# trip pickups



## ngetal (Jul 6, 2008)

since I had to have something to declare at the border to avoid scrutiny, I hit the local B&M and got a few sticks... 
:biggrin:


----------



## big04deuce (May 16, 2008)

Man Rick...promise not to ever out bid you ever again if you share:dribble::dribble::dribble:


----------



## howland1998 (Dec 17, 2007)

Really Nice!!!!


----------



## Christopher The Great (Jun 3, 2008)

Very nice pickup!


----------



## eggwhites (Apr 20, 2008)

HOLY crap.. amazing haul!


----------



## LkyLindy (Feb 1, 2008)

You're trippin alright


----------



## jam (Dec 29, 2007)

Very Nice Pickup for sure


----------



## jitzy (Jan 7, 2007)

thats some awesome pickups


----------



## dj5213 (Apr 7, 2008)

man you are just stockin up!!! great pickups!!


----------



## Gumby (Jul 3, 2008)

Woaaaah! Nice selection you declared there.

:biggrin:


----------



## Wunderdawg (May 1, 2008)

Very nice pickups


----------



## Cypress (Jun 27, 2007)

Dang, seams like everyone is finding them Tat Blacks.


----------



## sofaman (Jun 20, 2007)

Amazing Pickups!!!


----------



## karmaz00 (Dec 5, 2007)

very nice


----------



## smh0768 (Feb 5, 2008)

nice, man!


----------



## marquelcg (Jul 19, 2008)

OOOOWEEEEE! that is truely sweet nice haul


----------



## JoeyBear (Jul 31, 2007)

Some of those look familiar :biggrin:

How bad did they hit you at customs??? It was great to meet you at "The Castle"


----------



## ngetal (Jul 6, 2008)

managed to skate through customs on the way home... 
I think I was in the clear once I'd confirmed that I didn't have any firearms... :biggrin:


----------



## iloveclmore (Jan 23, 2008)

How is it that everyone can find the Tat Blacks except me?!?! 
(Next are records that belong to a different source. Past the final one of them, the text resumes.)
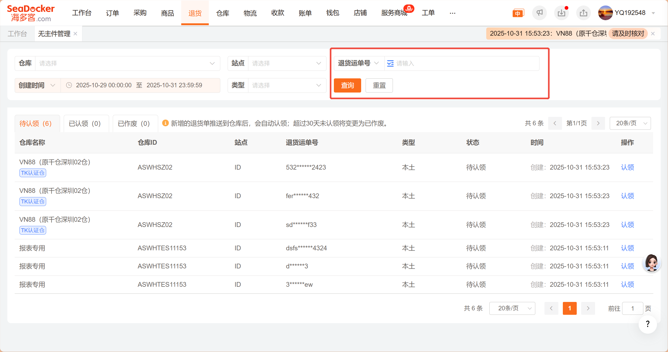 说明:因仓库每天有大量的退件。仓库相关人员识别退件归属客户比较困难。仓库负责人会定期在后台【登记】对应仓库的无主件。需要卖家认领。无人认领的无主件会在30天后自动作废。页面数据是来自所有客户的无主件。
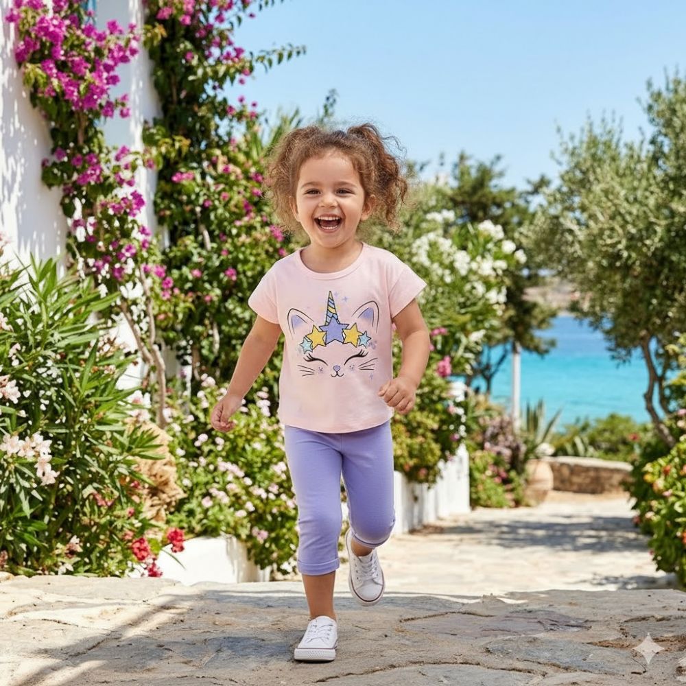 - Κολάν Κάπρι (95% Cotton / 5% Elastan): Σε υπέροχη λιλά απόχρωση, με την ιδανική ελαστικότητα ώστε να ακολουθεί κάθε κίνηση του παιδιού με ευκολία και άνεση.
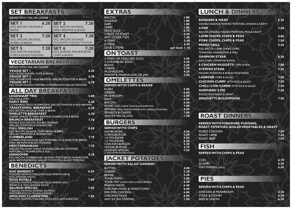 Legends Café (London Colney) Menu
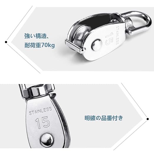 Rhinocats 滑車 M15 ローププーリー スイベル式 ステンレス滑車 豆ブロック 耐荷重70kg 二個セット
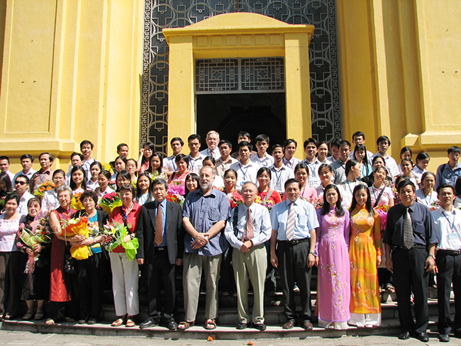 GS. Nguyễn Quang Riệu (giữa) và các nhà khoa học quốc tế với các học viên của lớp Vật lý thiên văn được tổ chức ở ĐHQGHN
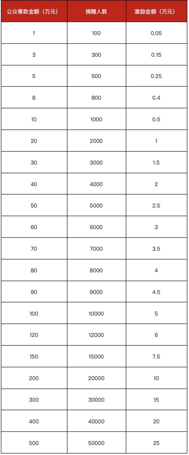 • 激励规则:2023年9月7日10:00~2023年9月9日24:00,非配捐时间段的公益项目公众筹款金额和捐赠人数两项指标均达标,对应项目可获得对应激励金额;激励金先到先得,配完即止;每个公募机构可获得的激励金上限为200万元;
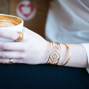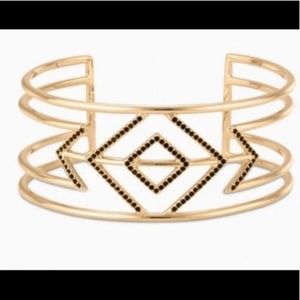 Geometric jet black pave contrasts with shiny gold to form this statement cuff.
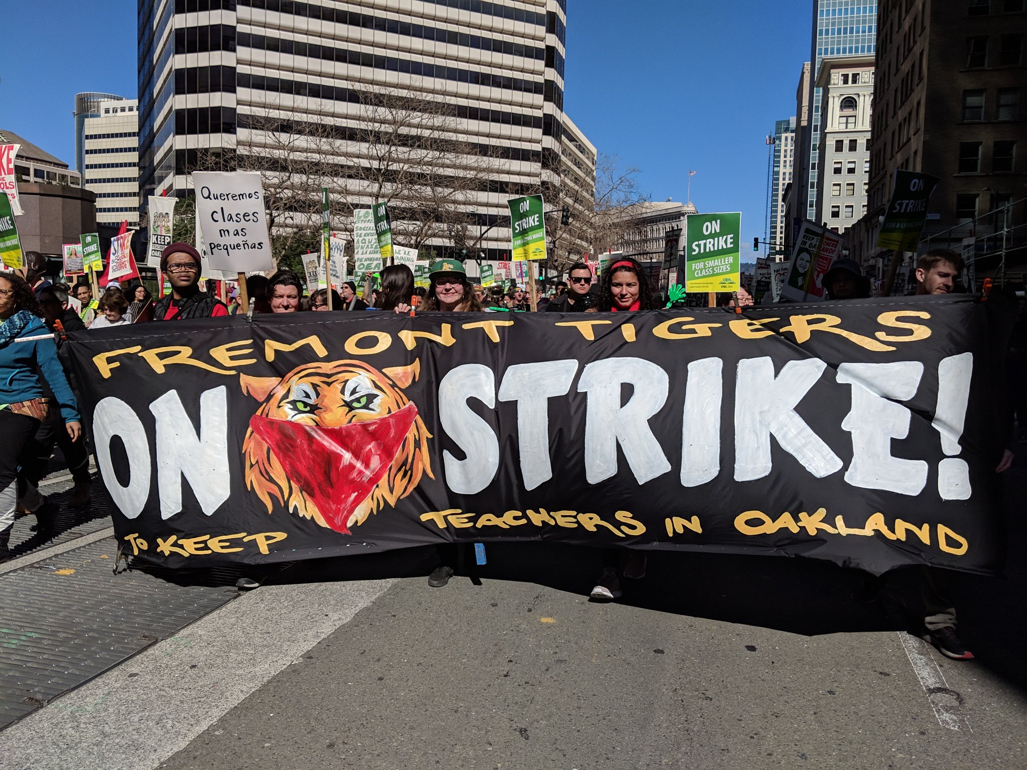 Thousands of teachers, students, and allies stood together in front of Oakland City Hall after picketing at schools across Oakland on the first morning of the teachers' strike. They then marched to OUSD headquarters to demand smaller class sizes, more student support, a moratorium on charters, no more school closures, and a living wage.

Though I must sincerely thank smokinj for sparing a couple! :biggrin:


----------



## Snapperhead-cl (Jun 24, 2008)

I think my wallet just had a heart attack......

Nice score...you gave one to the customs agent to let you through right.....Man am I in the wrong job...there he is...down by the pole


----------



## Webmeister (Jun 12, 2007)

I haven't seen any more of the Black Tat's since the 3-pack I bought a while back and it's long gone. I try to stop in cigar shops in my travels looking for them. I've gotten used to "a Tat what?", "no, we don't carry Tatuaje.", "Pete who?", and the ever-so-common "why don't you try our house brand instead?".

One of these days I'll find another cache and snag all I can. I'd love to stumble onto a canister full of those bad boys. Nice pickup!


----------



## DOZER (Sep 30, 2007)

Sweet haul!!


----------



## azpostal (Jul 12, 2008)

Nice pickup


----------



## Doogie (Oct 15, 2007)

Webmeister said:


> I haven't seen any more of the Black Tat's since the 3-pack I bought a while back and it's long gone. I try to stop in cigar shops in my travels looking for them. I've gotten used to "a Tat what?", "no, we don't carry Tatuaje.", "Pete who?", and the ever-so-common "why don't you try our house brand instead?".
> 
> One of these days I'll find another cache and snag all I can. I'd love to stumble onto a canister full of those bad boys. Nice pickup!


I would love to know where the members are scoring these Blacks?


----------



## smh0768 (Feb 5, 2008)

doogie466 said:


> I would love to know where the members are scoring these Blacks?


you and me both!


----------



## sseagle (Jun 5, 2008)

ngetal said:


> managed to skate through customs on the way home...
> I think I was in the clear once I'd confirmed that I didn't have any firearms... :biggrin:


How can you live in a country where they are more upset that you have a gun instead of evil cigars?
:biggrin:


----------



## happy1 (Jun 29, 2007)

great haul!!!!


----------



## EKGOTSKILLZZ (Jun 17, 2008)

you wanna sell some of them blacks?


----------